__EXERCISE BRIEF__
Nothing outside the stretch is wanted. Repeat exactly the lines of the listing below from the one that contains "Was ist eigentlich" through the one that contains "Fig.9 Effect of", both ends included.

__ENTRIES SUPPLIED__
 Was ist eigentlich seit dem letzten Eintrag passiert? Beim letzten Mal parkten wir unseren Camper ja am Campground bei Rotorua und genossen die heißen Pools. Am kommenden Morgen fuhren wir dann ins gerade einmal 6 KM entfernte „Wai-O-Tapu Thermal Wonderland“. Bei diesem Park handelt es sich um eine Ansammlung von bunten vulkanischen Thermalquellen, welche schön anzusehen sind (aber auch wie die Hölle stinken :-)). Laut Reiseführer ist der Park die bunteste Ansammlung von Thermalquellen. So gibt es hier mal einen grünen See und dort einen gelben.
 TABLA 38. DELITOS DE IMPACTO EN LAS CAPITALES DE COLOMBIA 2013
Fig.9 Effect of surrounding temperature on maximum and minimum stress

==

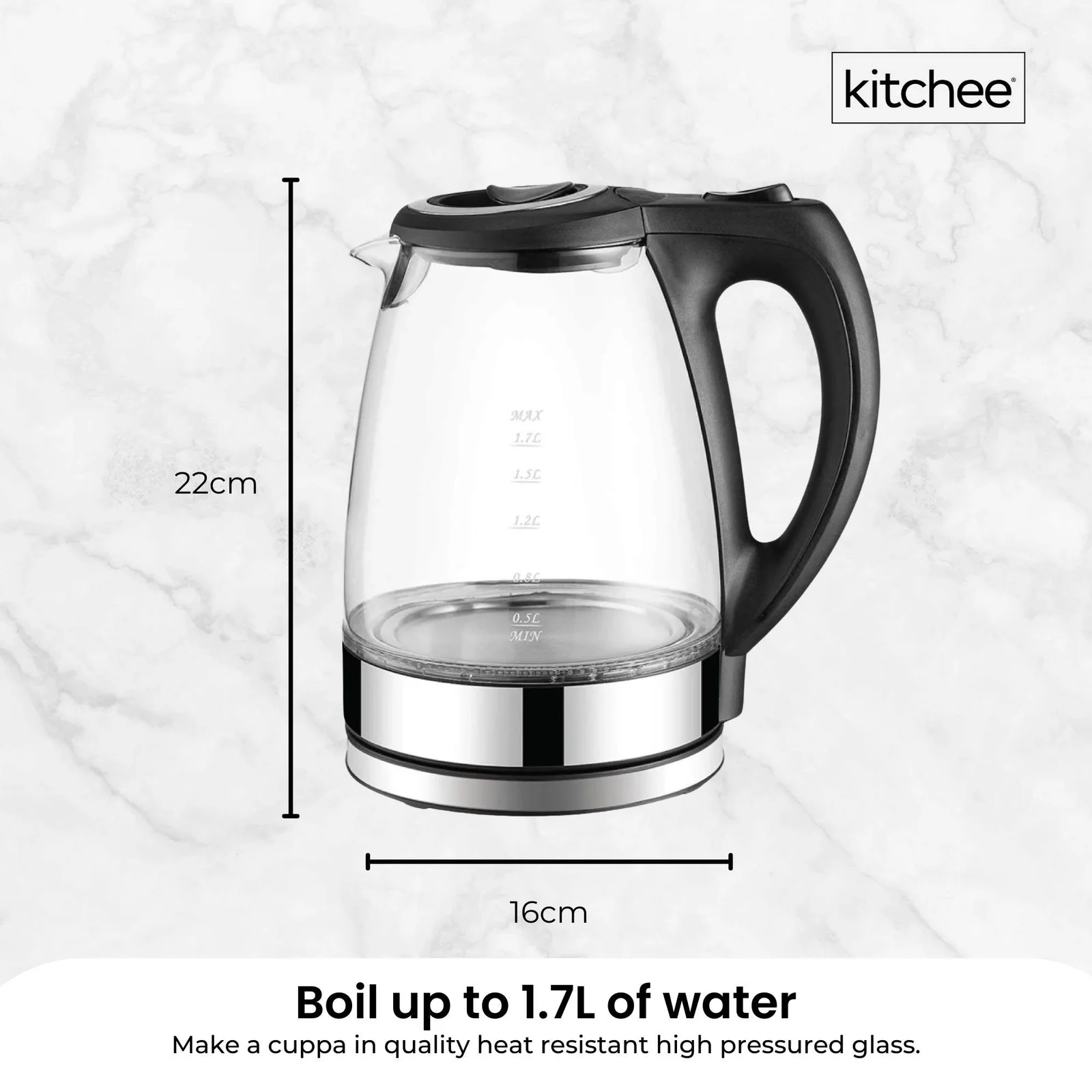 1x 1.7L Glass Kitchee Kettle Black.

__EXERCISE OUTPUT__
 Was ist eigentlich seit dem letzten Eintrag passiert? Beim letzten Mal parkten wir unseren Camper ja am Campground bei Rotorua und genossen die heißen Pools. Am kommenden Morgen fuhren wir dann ins gerade einmal 6 KM entfernte „Wai-O-Tapu Thermal Wonderland“. Bei diesem Park handelt es sich um eine Ansammlung von bunten vulkanischen Thermalquellen, welche schön anzusehen sind (aber auch wie die Hölle stinken :-)). Laut Reiseführer ist der Park die bunteste Ansammlung von Thermalquellen. So gibt es hier mal einen grünen See und dort einen gelben.
 TABLA 38. DELITOS DE IMPACTO EN LAS CAPITALES DE COLOMBIA 2013
Fig.9 Effect of surrounding temperature on maximum and minimum stress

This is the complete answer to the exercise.